Skip the pictures, please, and write out exactly every line from the one containing "Welcome to The" through the end of the listing below.

## Supplied material
******
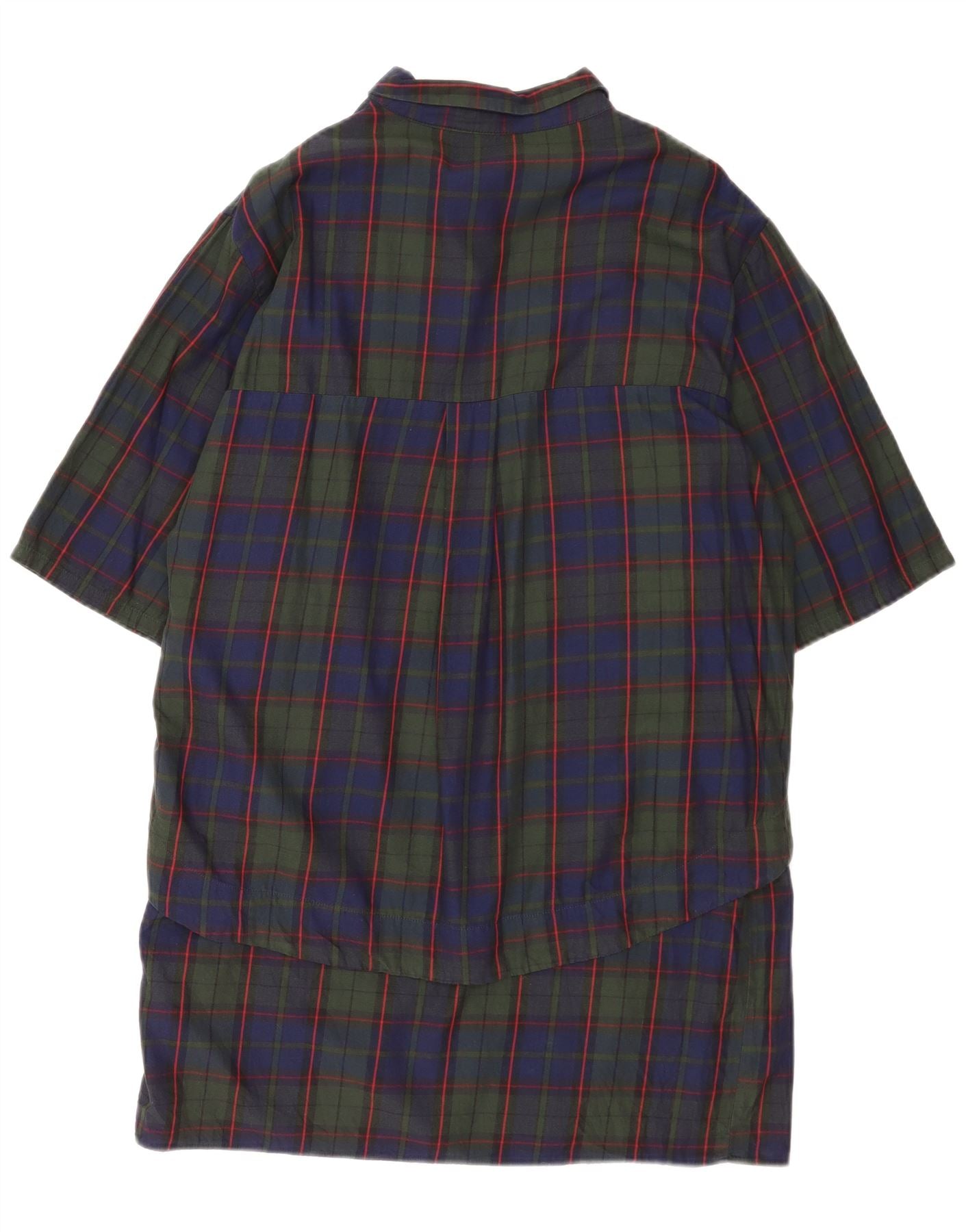 - Descrizione dell'IA: Questa camicia da donna Zara è realizzata in tessuto intrecciato, offrendo una sensazione confortevole. Presenta un classico motivo scozzese nei toni del verde, blu navy e rosso. Lo scollo con colletto e l'abbottonatura frontale forniscono una silhouette tradizionale. Le maniche corte e la vestibilità comoda garantiscono facilità d'uso. I pulsanti tonali completano il design, aggiungendo una sottile raffinatezza. Questa camicia offre un'estetica versatile e casual.
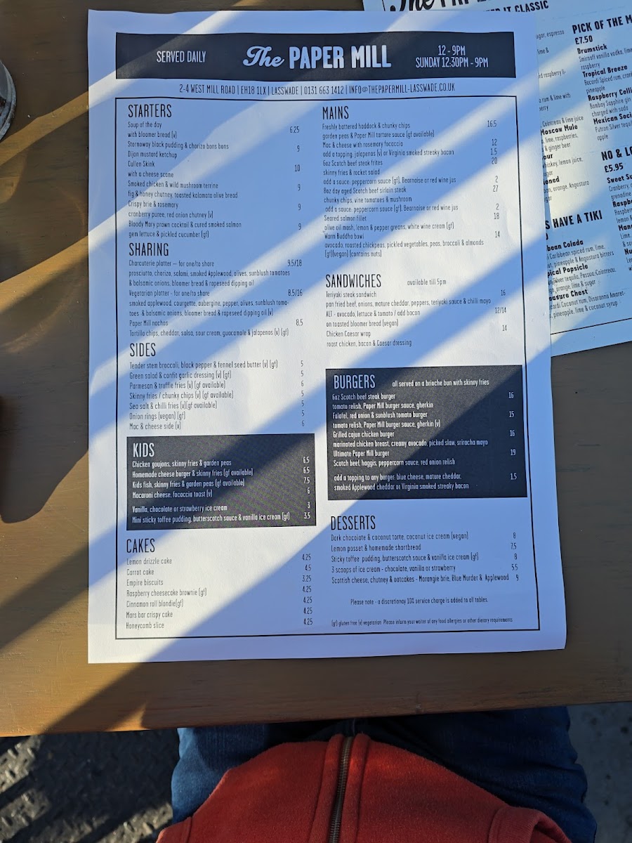 Welcome to The Paper Mill, nestled along the picturesque River Esk in Lasswade. This charming venue stands out for its modern interpretations of classic dishes, priced reasonably between £15-20. The inviting atmosphere is complemented by friendly staff and a lovely outdoor beer garden, making it perfect for both casual lunches and special brunches.
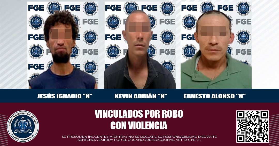 MEXICALI, BAJA CALIFORNIA. - La Fiscalía Regional de Mexicali obtuvo la vinculación a proceso de tres individuos acusados del delito de robo con violencia, en audiencias que se llevaron a cabo por separado.
******
## Solved exercise
 Welcome to The Paper Mill, nestled along the picturesque River Esk in Lasswade. This charming venue stands out for its modern interpretations of classic dishes, priced reasonably between £15-20. The inviting atmosphere is complemented by friendly staff and a lovely outdoor beer garden, making it perfect for both casual lunches and special brunches.
 MEXICALI, BAJA CALIFORNIA. - La Fiscalía Regional de Mexicali obtuvo la vinculación a proceso de tres individuos acusados del delito de robo con violencia, en audiencias que se llevaron a cabo por separado.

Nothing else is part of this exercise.